Hillrom's retreat from $375M Bardy Diagnostics acquisition countered in court

Hillrom says that lower-than-expected reimbursement rates proposed in late January void the deal. But the cardiac-monitoring device maker asserts they were accounted for during negotiations.
By Dave Muoio
03:23 pm

A January acquisition deal between medical technology provider Hillrom and cardiac monitoring device maker Bardy Diagnostics has landed in rocky waters, with Hillrom looking to back out of the purchase and Bardy filing a legal complaint to keep things moving forward.

According to press releases from Hillrom, the company was caught off guard on January 29 when Novitas Solutions, a Medicare Administrative Contractor (MAC), published reimbursement rates for relevant CPT codes that were well below its expectations.

Hillrom said the rate reduction meets the criteria of a "Company Material Adverse Effect," voiding the $375 million acquisition deal it made with Bardy.

The monitoring device maker was not of a similar mindset, and this weekend filed a complaint in the Delaware Court of Chancery petitioning the court to compel Hillrom "to honor their clear obligations" and close the merger prior to April 15 while compensating for damages.

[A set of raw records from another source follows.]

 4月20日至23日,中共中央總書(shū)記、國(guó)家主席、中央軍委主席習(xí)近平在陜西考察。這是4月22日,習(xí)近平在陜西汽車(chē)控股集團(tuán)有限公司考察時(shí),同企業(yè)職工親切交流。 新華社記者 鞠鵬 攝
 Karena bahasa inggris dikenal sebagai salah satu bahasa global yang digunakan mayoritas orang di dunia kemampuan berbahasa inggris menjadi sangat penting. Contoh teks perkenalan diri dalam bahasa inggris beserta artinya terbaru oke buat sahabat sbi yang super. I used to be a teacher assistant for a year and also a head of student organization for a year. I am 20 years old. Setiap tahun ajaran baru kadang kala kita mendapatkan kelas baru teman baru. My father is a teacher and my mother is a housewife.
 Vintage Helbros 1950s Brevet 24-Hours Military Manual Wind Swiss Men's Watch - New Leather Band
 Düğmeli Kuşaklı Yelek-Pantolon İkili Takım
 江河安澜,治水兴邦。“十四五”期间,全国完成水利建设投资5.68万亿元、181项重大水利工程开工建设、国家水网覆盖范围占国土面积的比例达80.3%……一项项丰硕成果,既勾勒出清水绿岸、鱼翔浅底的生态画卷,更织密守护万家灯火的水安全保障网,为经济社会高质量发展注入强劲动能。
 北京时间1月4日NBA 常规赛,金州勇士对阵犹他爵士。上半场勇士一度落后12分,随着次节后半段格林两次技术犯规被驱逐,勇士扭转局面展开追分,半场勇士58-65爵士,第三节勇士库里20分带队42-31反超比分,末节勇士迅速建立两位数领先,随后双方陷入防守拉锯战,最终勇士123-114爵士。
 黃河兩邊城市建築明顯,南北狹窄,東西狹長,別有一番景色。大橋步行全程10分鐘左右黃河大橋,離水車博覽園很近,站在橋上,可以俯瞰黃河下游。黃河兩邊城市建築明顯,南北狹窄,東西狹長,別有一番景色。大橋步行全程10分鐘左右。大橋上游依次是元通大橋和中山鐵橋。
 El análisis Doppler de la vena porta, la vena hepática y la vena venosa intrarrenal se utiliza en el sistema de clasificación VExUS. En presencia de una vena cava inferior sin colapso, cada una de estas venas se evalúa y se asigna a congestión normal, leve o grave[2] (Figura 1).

"The Buyers’ failure to close the Merger is a breach of the Merger Agreement that, unless remedied by specific performance, will result in irreparable harm to BardyDx and its stockholders," Bardy wrote in the complaint.

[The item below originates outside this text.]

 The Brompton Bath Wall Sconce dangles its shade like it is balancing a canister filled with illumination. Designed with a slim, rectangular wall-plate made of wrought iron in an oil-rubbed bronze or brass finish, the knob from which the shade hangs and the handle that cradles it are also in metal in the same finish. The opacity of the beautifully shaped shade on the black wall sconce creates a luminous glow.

The court filing outlines a general time line of Bardy and Hillrom's negotiations as well as developments in the pricing of long-term ambulatory cardiac-monitoring services reimbursement.

Bardy wrote that both parties first met in January 2019 and began negotiations in earnest in March. Of particular note, an indication of interest executed by both parties priced the acquisition at $450 million up front, plus two additional earnouts. Hillrom then reduced its offer in December after word broke that CMS would defer reimbursement rate determination to regional MACs like Novitas, according to the filing.

"Because the likelihood for a change in reimbursement rates was a front-and-center issue during the negotiation (and renegotiation) of the Merger Agreement, BardyDx insisted, and Hill-Rom specifically agreed, to expressly carve out changes in Health Care Laws from the definition of Company Material Adverse Event," Bardy wrote in the filing, where "Health Care Laws" was said to include rules and guidelines from CMS or Novitas.

"Hill-Rom was adequately protected from the risks of a potential change in reimbursement rates by the earnout structure, which was expressly intended to accommodate changes in the reimbursement rates and guidelines published by Medicare or Medicare contractors like Novitas."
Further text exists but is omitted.